There are three AQP4 extracellular epitopes (Loop A, Loop C, and Loop E) and three intracellular epitopes (N terminal, Loop B, and C terminal) [11,15]. The extracellular epitope-targeting antibodies have high NMOSD specificity; within them, the antibodies against Loop C have the strongest sensitivity toward NMOSD [11,16,17]. Interrupting the binding between AQP4-IgG and the AQP4 extracellular epitopes has been hypothesized to protect astrocytes against the immune attack from AQP4-IgG. In animal models, non-complement active antibodies or synthesized drugs can block AQP4 and reduce the cytotoxicity of AQP4-IgG [14,18,19,20,21]. Therefore, we hypothesized that the antigen specificity of AQP4-IgG plays an important role in NMOSD pathology; neutralizing the specific AQP4-IgG may protect astrocytes in NMOSD.

In this study, we synthesized three epitope peptides that have been proven to capture AQP4-IgG from patient serum [11]. Then, these peptides were mixed with serum from AQP4-IgG-seropositive patients. The AQP4-IgG concentration was significantly reduced after incubation with the mimotope peptides when examined with enzyme-linked immunosorbent assay (ELISA) and CBA. In primary astrocyte culture, both the Loop A and Loop C, but not Loop E mimotope, significantly reduced the complement-related cytotoxicity of NMOSD patient serum. In addition, the Loop A and Loop C mimotopes significantly reduced the binding of IgG from patient serum to spinal cord tissue. Moreover, in a behavior test, the Loop C peptide also reversed the motor function impairment and the spinal cord damage induced by the intrathecal injection of NMOSD patient serum. Our in vivo data first demonstrated that the Loop C extracellular epitope of AQP4 is the target of the immune attack in NMOSD pathology. Due to concerns about the druggability and compliance of peptides, we studied the astrocyte protection effect of a natural compound derivative ACT001, which could cross the blood–brain barrier efficiently and produce anti-tumor responses in the central nervous system [22,23]. ACT001 is a water-soluble compound with a stable half-life in plasma, thus making it an attractive candidate for further investigation as a therapeutic in idiopathic pulmonary fibrosis [24]. We revealed that ACT001 could reduce the cytotoxicity of AQP4-IgG in vivo and in vitro, and the treatment effect of NMOSD was not weaker than the first-line drug. In summary, an astrocyte-protection strategy might be a promising therapy for NMOSD and requires further study.

2. Results

2.1. AQP4 Extracellular Epitope Peptides Reduced the Detectable AQP4-IgG Concentration in NMOSD Patient Serum

Serum samples from 20 AQP4-IgG-seropositive patients were used in this study. AQP4 extracellular epitope peptides were dissolved at 1 mg/mL. Peptide solutions (Loop A:C:E at 1:1:1, or Loop A, Loop C, or Loop E alone) were then mixed with patient serum at a ratio of 1:10 and incubated at 4 °C for 1 h. BSA was used as a negative control. The AQP4-IgG concentration was measured using the aquaporin-4 (AQP4) autoantibody ELISA Kit (RSR Limited, Cardiff, UK). The mixture of Loop A + C + E mimotope peptides significantly reduced the AQP4-IgG concentration detected by ELISA (Figure 1A). When used alone, all three epitope peptides, especially the Loop A and Loop C peptides, significantly reduced the detectable AQP4-IgG concentration (Figure 1A).

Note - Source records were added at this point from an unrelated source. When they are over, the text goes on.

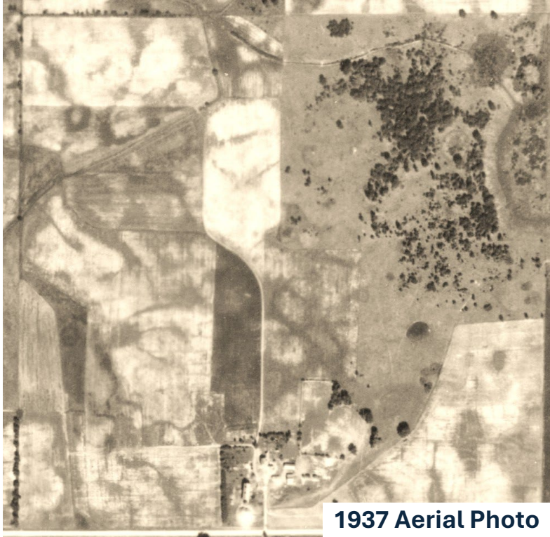
1937 Aerial Photo

The aerial photo on the page was taken in 1937.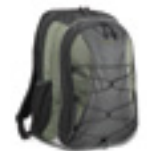
Lenovo Performance Backpack 41U5254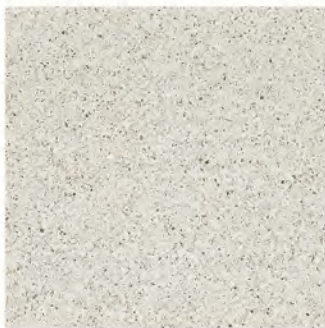
SILK NATURAL 24\"/>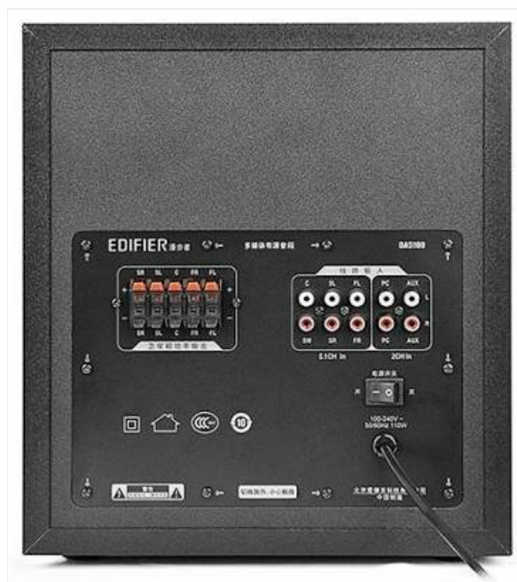
Figure 4: Rear panel of the subwoofer, detailing all audio input and speaker output connections.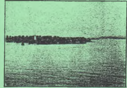
ROUND ISLAND, SAULT RIVER.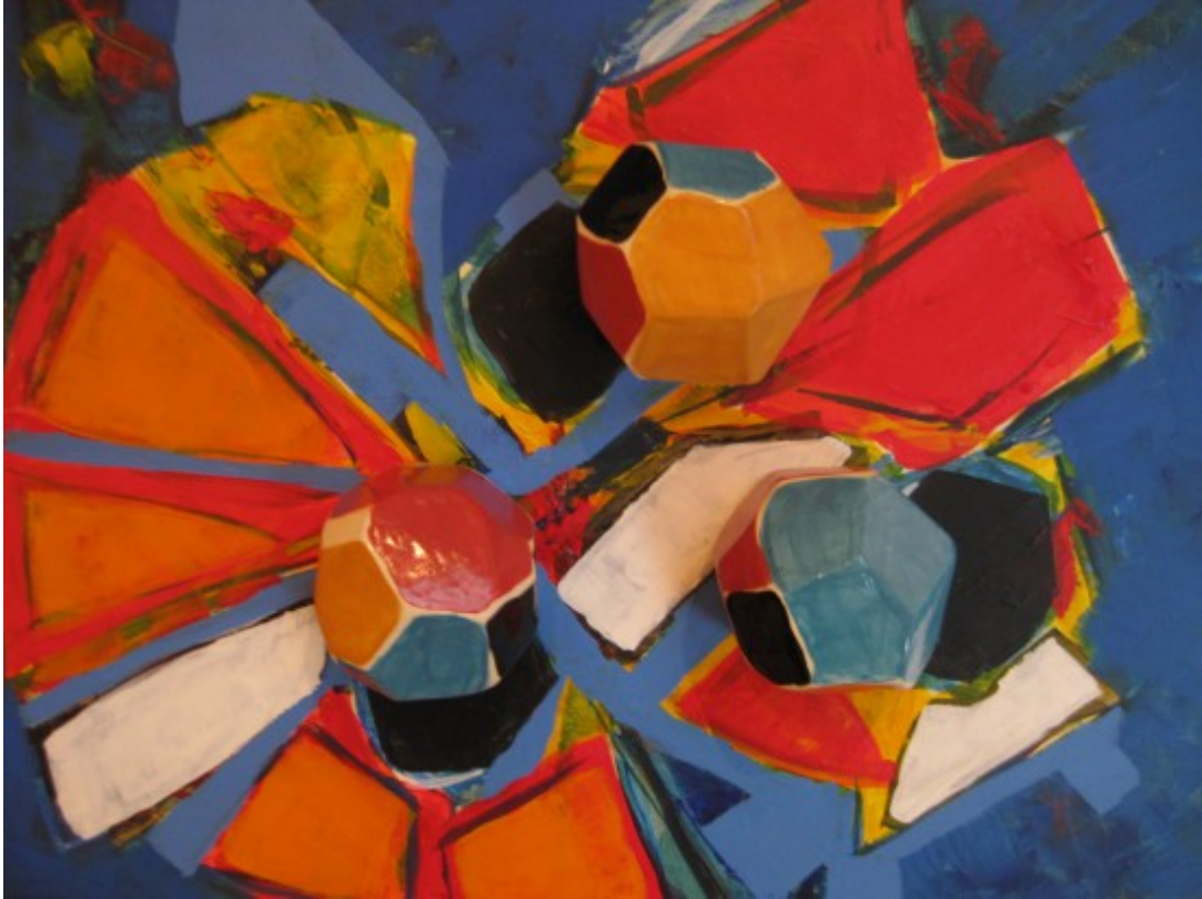
“New Journeys” by Karen Klaer, 2010. Acrylic painting with clay relief, 16 x 20 inches. Courtesy ArtSI.

“We envisioned consolidating an image for ourselves as an informal organization of dynamic arts professionals who happen to live on Shelter Island while highlighting Shelter Island as an exciting destination for the many art visitors who come to the East End of Long Island,” said Zisser.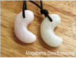
Magatama (bead) making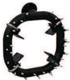
WATER JETTING RING

Enhance your pumping and dredging abilities with our premium add-ons. Our specialized equipment is designed to optimize your project by increasing solids production of your pump. Attachable add-ons are easy to install as the need arises. Contact us today to learn about the best add-ons available for your project.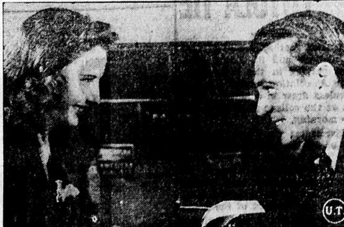
Barbara Stanwyck and Gary Cooper in a scene from the Frank Capra production, "Meet John Doe," which is now playing in its second week at the Snowdon United Theatre.

To further confirm that the epitope peptides could neutralize AQP4-IgG, we detected the AQP4-IgG at a 1:100-titration in the 20 serum samples after incubation with different peptide solutions (Loop A + C + E or Loop A, Loop C, and Loop E alone). Consistent with the ELISA results, the AQP4-IgG-positive reactions disappeared in samples that previously had a positive reaction after incubation with epitope peptides (except Loop E alone, which did not completely eliminate the positive reaction) (Figure 1B).

Our data demonstrated that AQP4 extracellular mimotope peptides could be recognized by AQP4-IgG, and that the binding of epitope peptides neutralized AQP4-IgG in patient serum. Therefore, we hypothesized that such mimotope peptides could interrupt the binding of AQP4-IgG to astrocytes, thus protecting the cells against complement-dependent cytotoxicity.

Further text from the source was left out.